3. Emma Duncan in The Times
on the shifting Overton Window on green issues
Why I’ve seen the light on the environment
“Environmental risks are behind my changing mind, and it’s not just my views that have altered. My diet is increasingly veggie and even my holiday arrangements have gone green. In the past when I have visited my brother in France in the summer I have always flown, but this year I’ll be taking the train.”
4. Nick Timothy in the Daily Telegraph
on the Catch-22 of Boris’ Brexit plans
Brexit without a deadline risks no Brexit at all
“If we want to leave, and on terms different to those rejected by Parliament, Boris is right that we need a deadline that everybody knows is real. Otherwise Brussels will have no reason to shift its position and MPs will continue to obfuscate, trying to subvert the referendum result while claiming to abide by it. If Brexit is delayed again, the pressure for a second referendum will grow, and the Conservative Party will spontaneously combust before our eyes.”
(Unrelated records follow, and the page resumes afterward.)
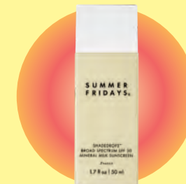
SUMMER FRIDAYS ShadeDrops sunscreen, $36, summerfridays.com.
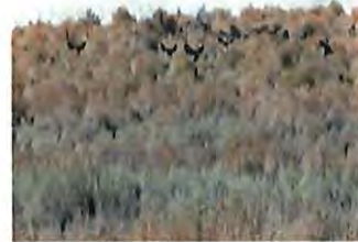
Mule Deer bedding down in treated area

As we completed the tree removal, we were able to observe several Mule Deer begin to use the site. The project area was adjacent to pastures where the trees and brush had already been removed, which created a larger area for wildlife to use with less predation.
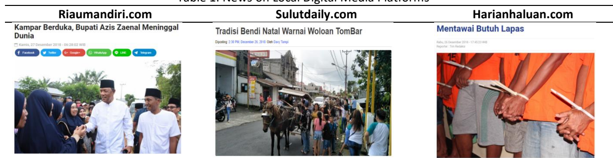
Table 1: News on Local Digital Media Platforms

In this context, the presence of local media platforms in all regions provides more rooms for a local news broadcast. This could minimize the Jakarta-centered or national news reporting, thus serving as a manifestation of diversity of contents. With an increasing number of digital media, diversity of ownership hopefully will also emerge. However, ownership centred on several parties is still an unavoidable classic issue, including in digital media platforms.

5. Maya Goodfellow in The Guardian
on the tragic photo of a drowned Salvadoran migrant and his daughter
People are dying crossing borders. It shouldn’t take shocking photos to change that
“There has been far more discussion about immigration and the supposed threats that certain people crossing political boundaries pose to the ‘nation state’ than there has ever been about the problems and logic of borders: the ways they’re policed, the risks they compel often desperate people to take, the death and the destruction they produce and if they are really necessary at all. But it is exactly these responses that are the appropriate ones when people are dying, and will continue to die, trying to cross borders.”